Results EOS was significantly associated with all risk factors except for total cholesterol levels, and LOS was associated with all risk factors except for triglyceride and total cholesterol levels. The associations of BMI, DBP, SBP, and HDL-cholesterol were significantly stronger in EOS than LOS (all p < 0.004). The differential distribution of stroke subtypes could not explain the difference in effect size observed between EOS and LOS.

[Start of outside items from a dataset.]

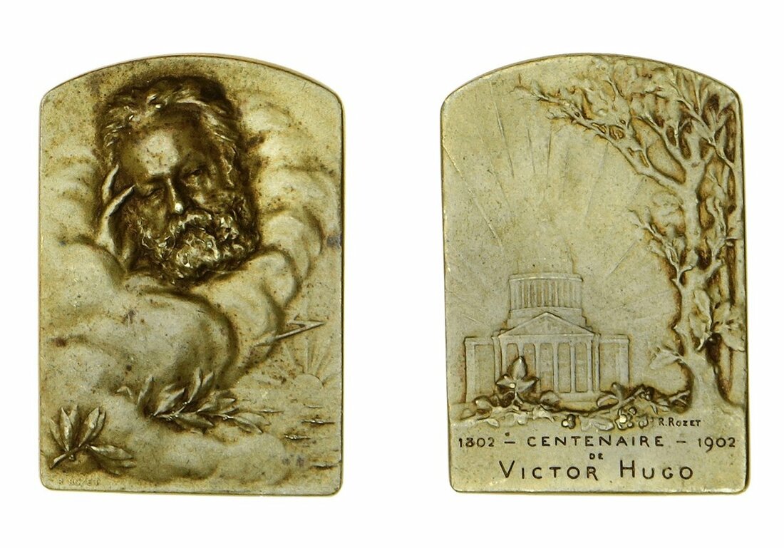 Centenary of Victor Hugo (1802-85), AE Plaquette, 1902, 29 x 40mm. [approx}, very fine (2)
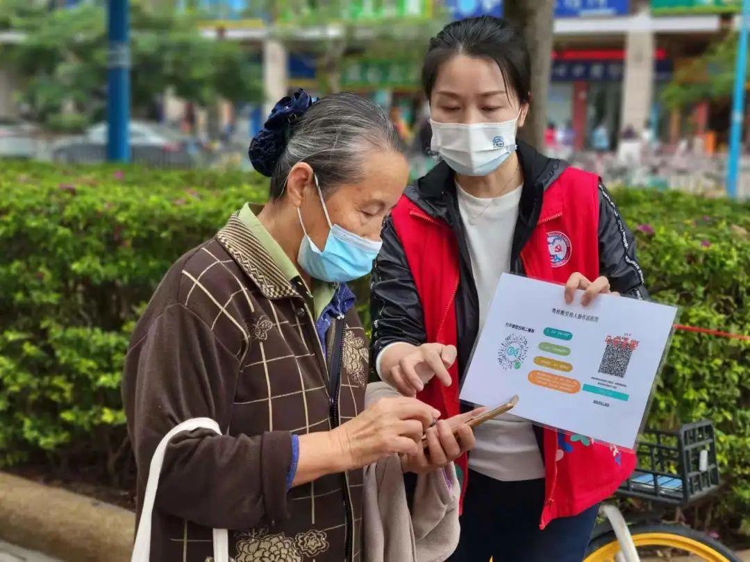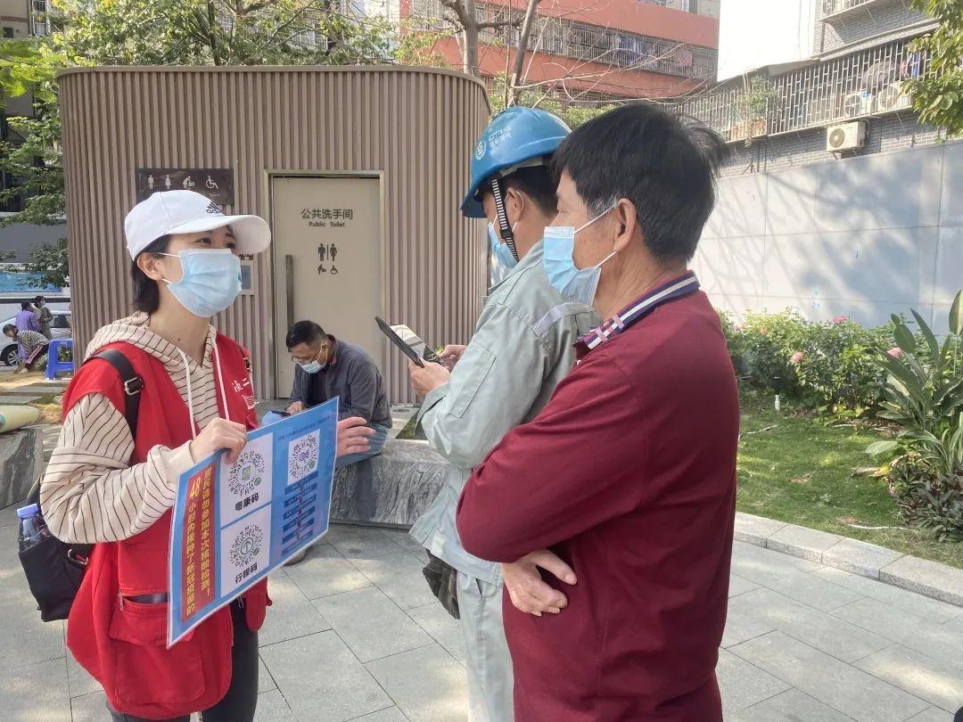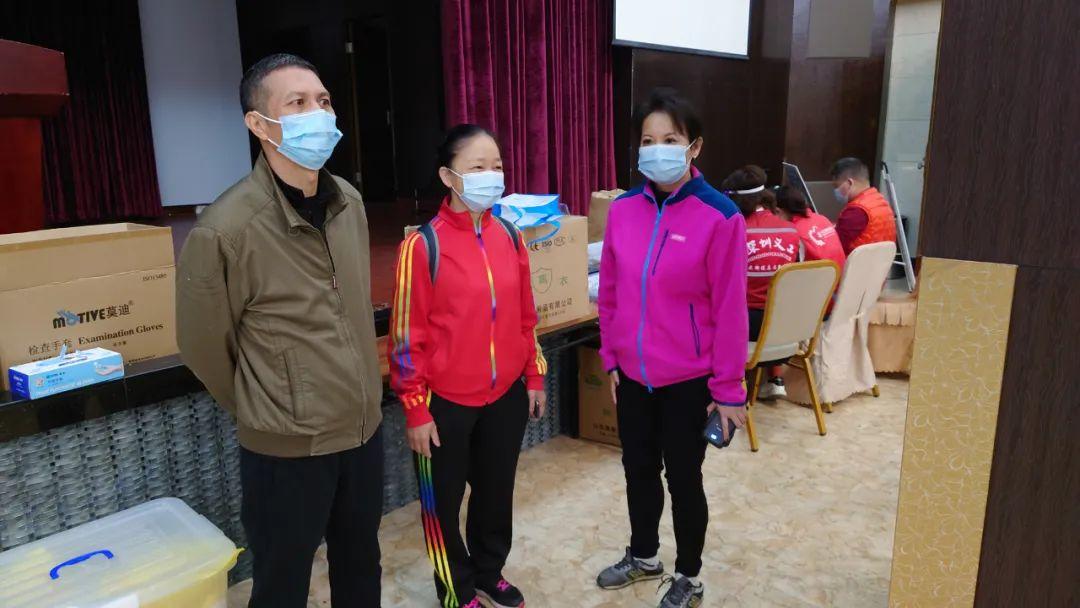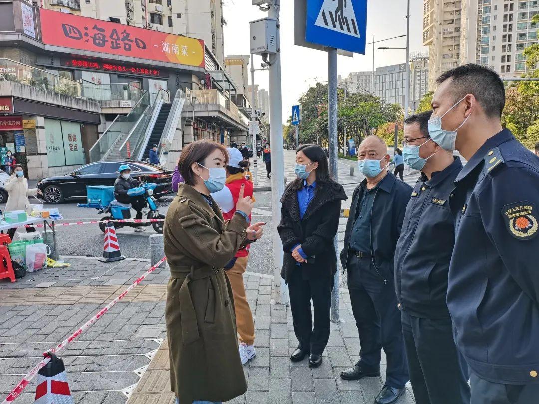 ▲南头街道妇联主席赵旭(右二)下沉驻点社区参与常态化疫情防控工作
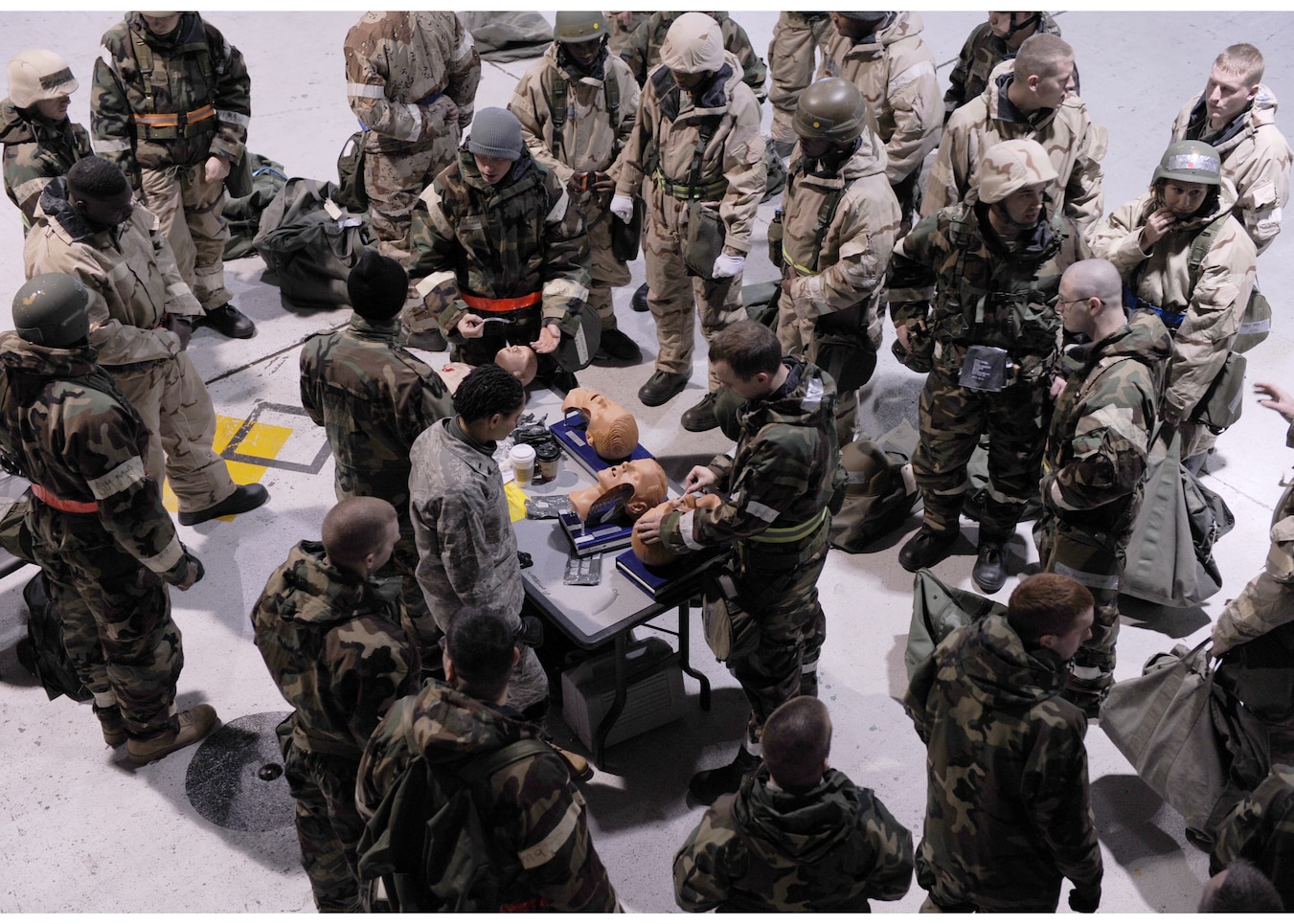 LANGLEY AIR FORCE BASE, Va. -- Airmen watch self aid and buddy care instructors administer a breathing apparatus to a mannequin during an Ability to Survive and Operate Rodeo Feb. 4. The Rodeo provided training to more than 700 Airmen to prepare them for deployment. (U.S. Air Force photo / Airman 1st Class Jonathan Koob)

Conclusion These results suggest that interventions targeted at lowering body mass index and blood pressure may be particularly important for reducing stroke risk in young adults.
Introduction
Stroke is one of the leading causes of death and disability, with more than 795,000 new and recurrent cases annually in the United States as of 2023.1 Despite its high incidence, stroke is largely a preventable disorder. The Global Burden of Disease Study estimated that 91% of stroke burden, measured as disability-adjusted life years, can be attributable to modifiable risk factors and 72% of stroke burden is attributable to clusters of metabolic risk factors, namely hypertension, obesity, hyperglycemia, hyperlipidemia, and renal dysfunction.2,3 While most strokes occur in individuals over the age of 50 years, approximately 10% of strokes occur in younger adults aged 18-50 years.4 Since the year 2000, incidence rates of ischemic stroke in high-income countries have been declining among older individuals but have been increasing in individuals younger than age 55.5 While these diverging trends in stroke incidence can be at least partially attributable to diverging patterns of stroke risk factors between younger and older adults, it is also possible that the impact of stroke risk factors differs between younger and older individuals.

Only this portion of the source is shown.